The Germans sought new efficiencies in their defensive positions, preparing a new defensive line deeper in occupied French territory. Called the Siegfried Line by the Germans, but later to be known as the Hindenburg Line among the western Allies, this new trench system was to be far stronger than the existing lines, which had been constructed within sight of the enemy, sometimes under hasty circumstances. Moreover, pulling back to the Siegfried Line would give the Germans 25 fewer miles to defend, enabling as many as thirteen divisions to pull back from trench duty, giving the Germans a substantial pool of men for offensive action or support duties in the future. Operation Alberich, a withdrawal to the Siegfried Line accompanied by the implementation of a scorched-earth policy in the territory being abandoned, started on March 16. The second problem was the failure of the Entente commanders to respond to the change in circumstances in an adequate manner. In fact, they failed to notice the German withdrawal until March 25. Once this was noticed, British and French forces advanced gingerly in the Germans’ wake. Much of their planning had been invalidated at a stroke
In the end, the allied operation failed terribly. Shortly after the attack began, the Germans succeeded in asserting air superiority, and the French artillery was effectively rendered blind. In spite of Nivelle’s promises that his attack would not become like the Verdun or Somme battles, the offensive descended into a bloody quagmire on the first day. The French air assets failed to give the artillery the battlefield intelligence it needed. The artillery failed to give the infantry the support it needed, and French soldiers faced well-prepared defenders instead of dazed stragglers. The tanks that were gathered for the attack failed even to make contact with the enemy. French losses reached 40,000 in a single day, with only negligible gains in terms of compensation. Nivelle persevered for another three days, trying to revive his offensive until the 20th, by which time it was clear that it had failed. The offensive was called off, but it took until May 7 for the French to completely extricate themselves from the fighting, during which time French casualties exceeded 130,000.

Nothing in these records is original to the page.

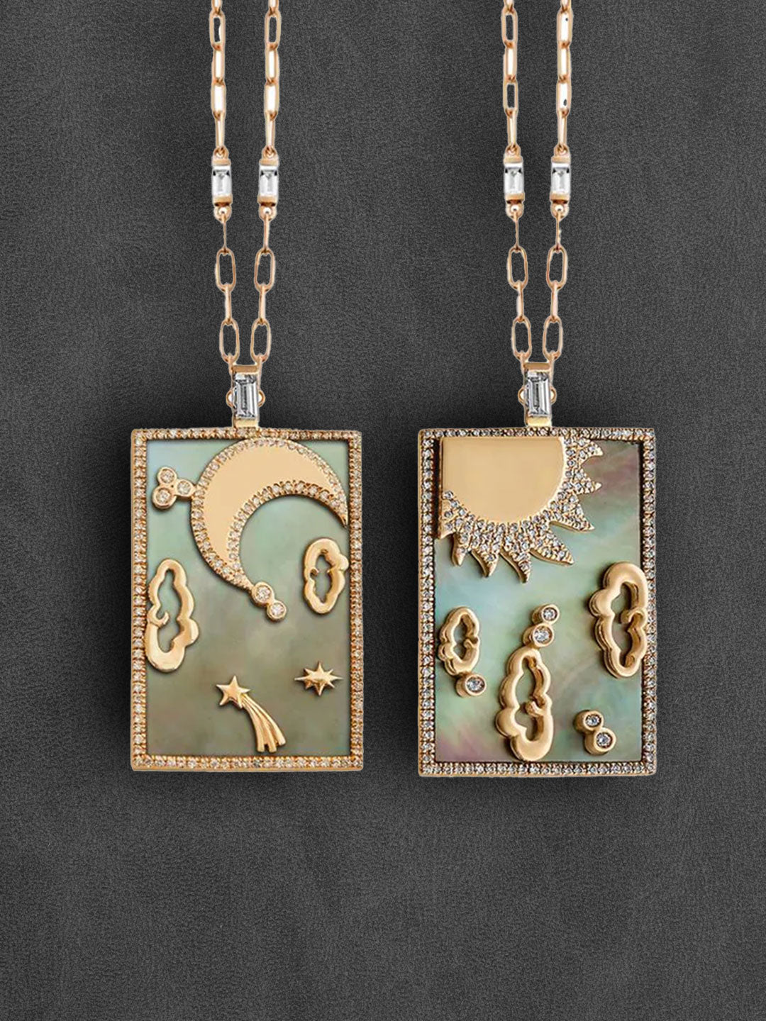 Tales & Treasures- 18K - Kaaba Silver Bar Pendant - 6 Baguettes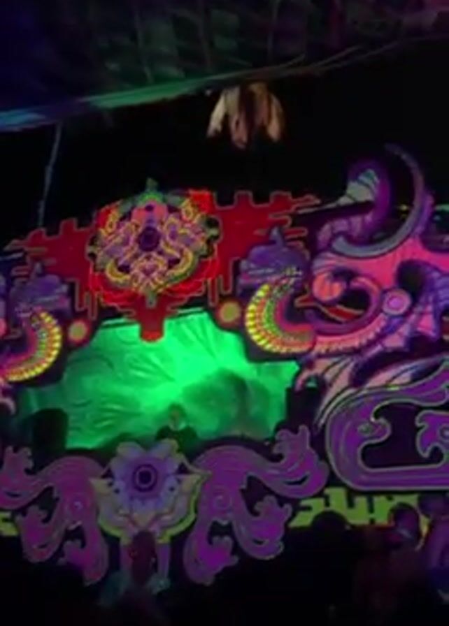 brightly lit, psychedelic stage at night. The stage backdrop features fluorescent designs in red, green, pink, and yellow. These designs include what appear to be dragons or other mythical creatures along the sides, and a central ornament above a green-lit area. Above the stage, netting with purple, green, and blue accents is visible, along with some foliage. Below the stage, the silhouettes of a crowd can be seen, with some people raising their hands in the air. The scene suggests a festival or a music event.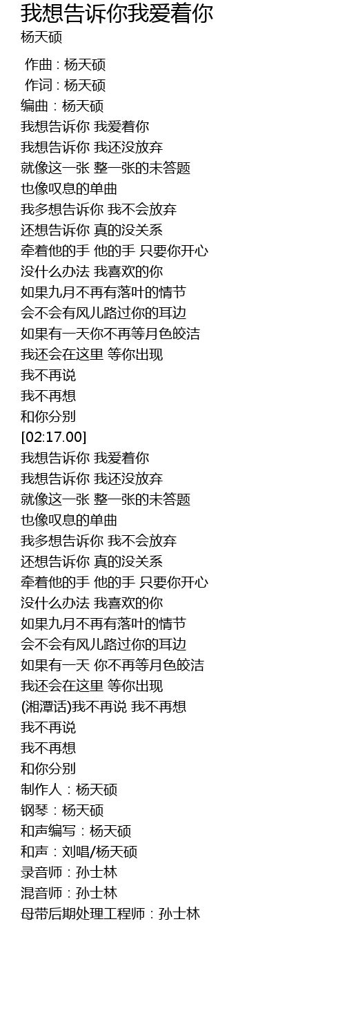 | [02:37.00] | 我想告诉你 我爱着你 |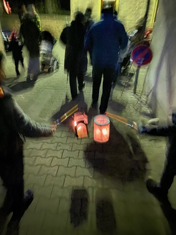 Im Anschluss an den Wortgottesdienst setzte sich der St. Martins-Umzug von der Kirchstr. durch Eleonorenstr. und Ernst-Ludwig-Str. Richtung Feuerwehrhaus in Bewegung. Begleitet wurde der Umzug natürlich wieder durch die Katholische Kirchenmusik Wöllstein-Badenheim. Am Feuerwehrhaus angekommen, gab es für die Kinder die traditionellen Buweschenkel und alle konnten sich bei Glühwein, Punsch und Würstchen a, großen Martinsfeuer wärmen.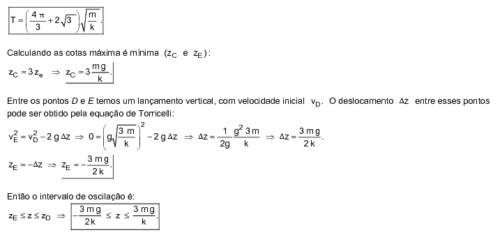 , e solta em seguida. Considerando nula a força da mola para z < 0, determine o período de oscilação da massa e os valores de z entre os quais a mesma oscila.
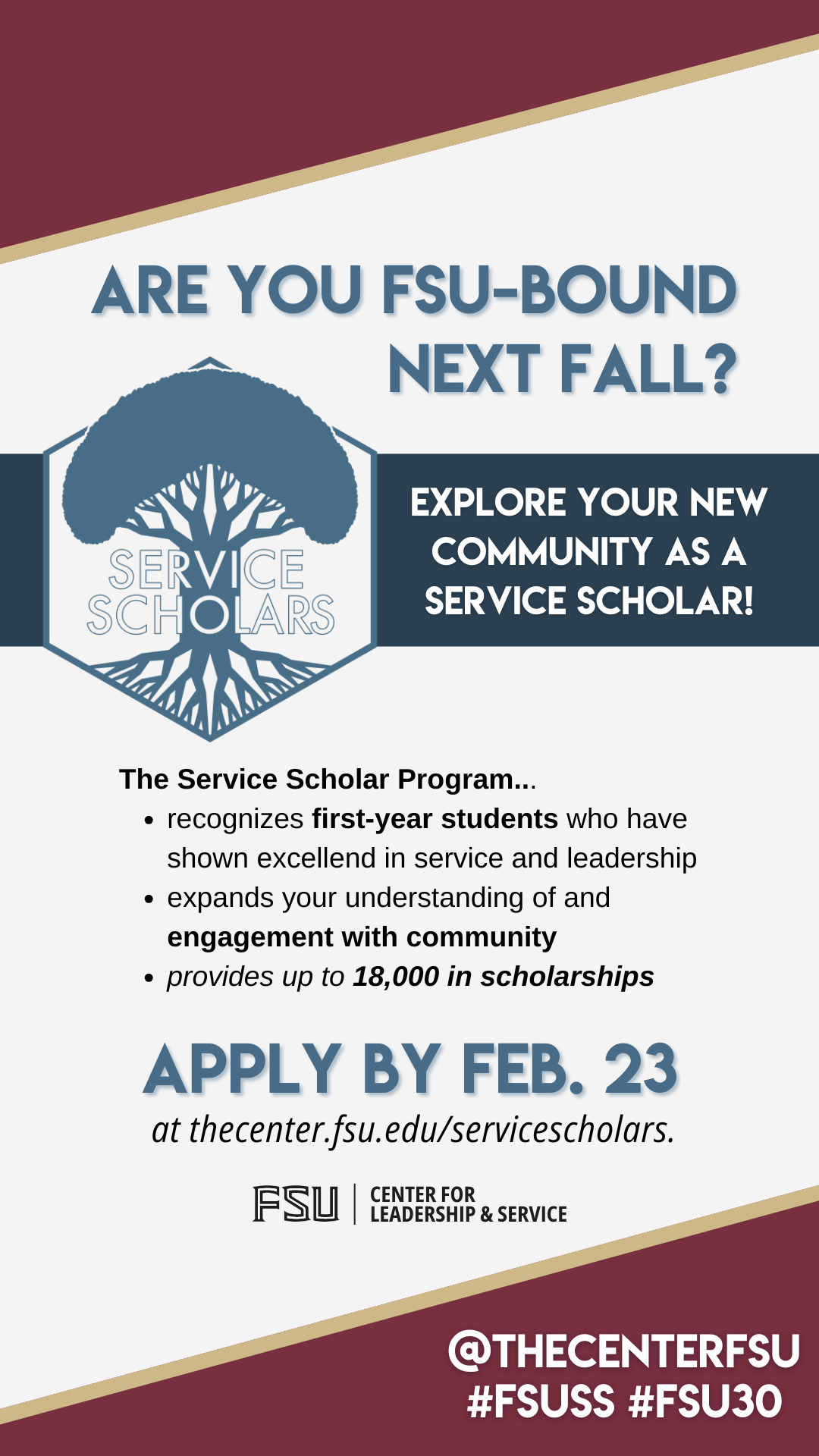Are you an incoming FSU student with a passion for community service? The Service Scholar Program is a 4-year scholarship opportunity offered by @thecenterfsu worth up to $18K! Visit https://thecenter.fsu.edu/ServiceScholars to learn more or apply by Feb. 23 at 6 a.m.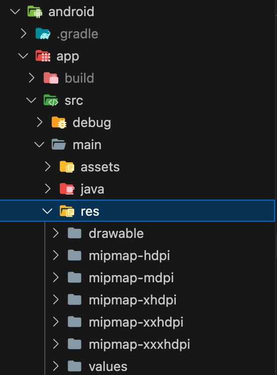 android/app/src/main/res에 들어가 보면 아래와 같은 되어있습니다.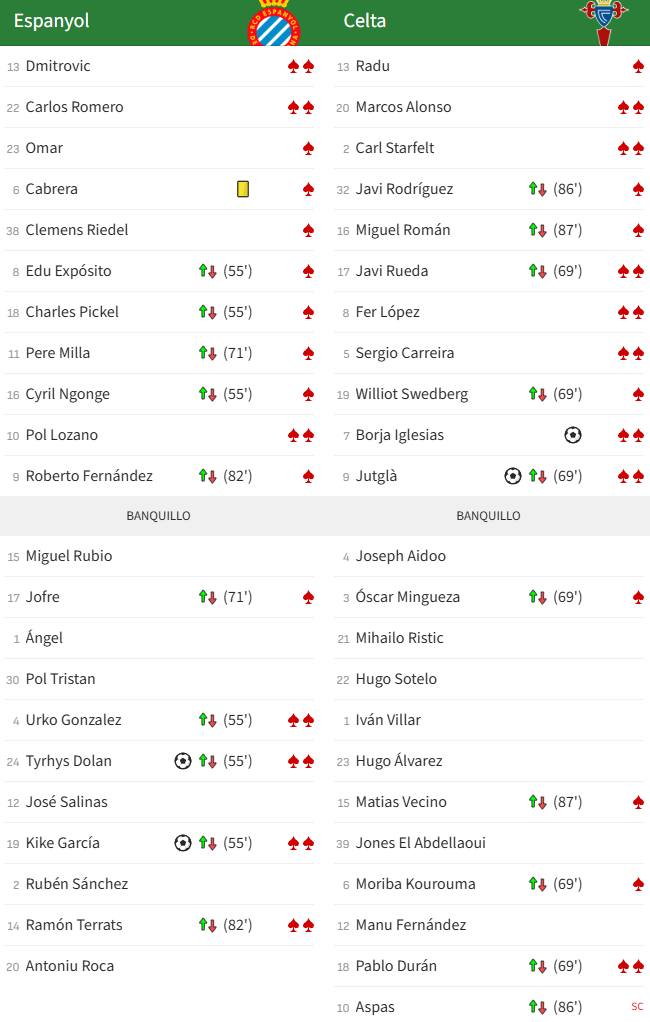 9Roberto Fernández82′14Ramón Terrats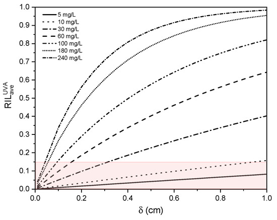The above result permits to obtain a UVA average , in terms of and RR239 concentration, using the Beer–Lambert model by applying a linear regression for , thus,
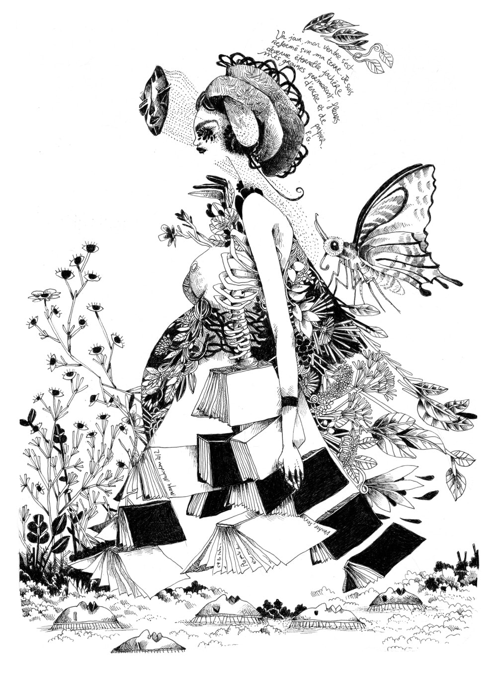 En zoomant sur la « coiffe » sur l’image vous pourrez lire les derniers vers de mon poème « Cercle de Vénus » extrait du recueil « Ventres, sons creux » à paraître bientôt donc.
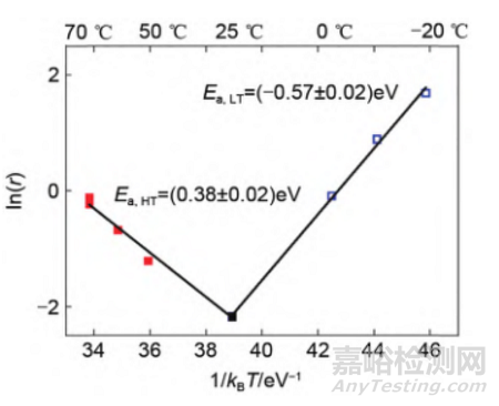 18650型電池在20~70 ℃的溫度范圍內(nèi)循環(huán)的老化行為的阿侖尼烏斯圖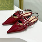 STRAPPY FLAT SLINGBACK IN SCARLET RED GLOSSY CALFSKIN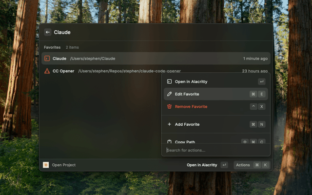 Can I use a different terminal? Supports Terminal.app, Alacritty, and Ghostty. Choose your preferred terminal in extension preferences.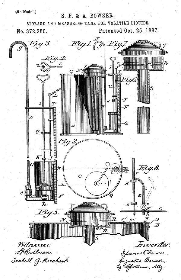 Bowser’s 1887 patent was a pump for “such liquids as kerosene-oil, burning-fluid, and the light combustible products of petroleum.”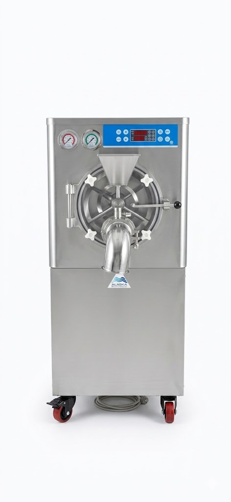Esta mantecadora industrial representa la solución definitiva para heladerías y plantas de producción que buscan escalar su volumen sin sacrificar la textura artesanal. Con una capacidad de producción de 150 litros por hora, este equipo está diseñado para transformar mezclas líquidas en helados de consistencia perfecta en ciclos rápidos y eficientes. Su estructura vertical en acero inoxidable de grado alimenticio garantiza no solo una higiene impecable bajo las normativas más estrictas, sino también una presencia imponente y profesional en cualquier centro de producción.

The British were obligated to begin another supporting attack at Arras on April 23, just to give the French some cover for their retreat. While the British ended the offensive with control over Vimy Ridge, their own casualties approached 150,000. It was the French, however, who were more adversely affected by the loss. The French Army had believed in the offensive, regardless of what top commanders might have thought, and when it had proven a colossal failure, the army was disillusioned as thoroughly as it had been inspired beforehand. Throughout the summer of 1917, the French Army was paralyzed by mutinies that threatened to end its cohesiveness altogether. Nivelle was reassigned to North Africa on May 15, with supreme command passing to generals Petain and Foch. While the French Army struggled to reassert itself, the Entente war effort was left mainly in the hands of the British. The Nivelle Offensive was perhaps the most disastrous single offensive in the war.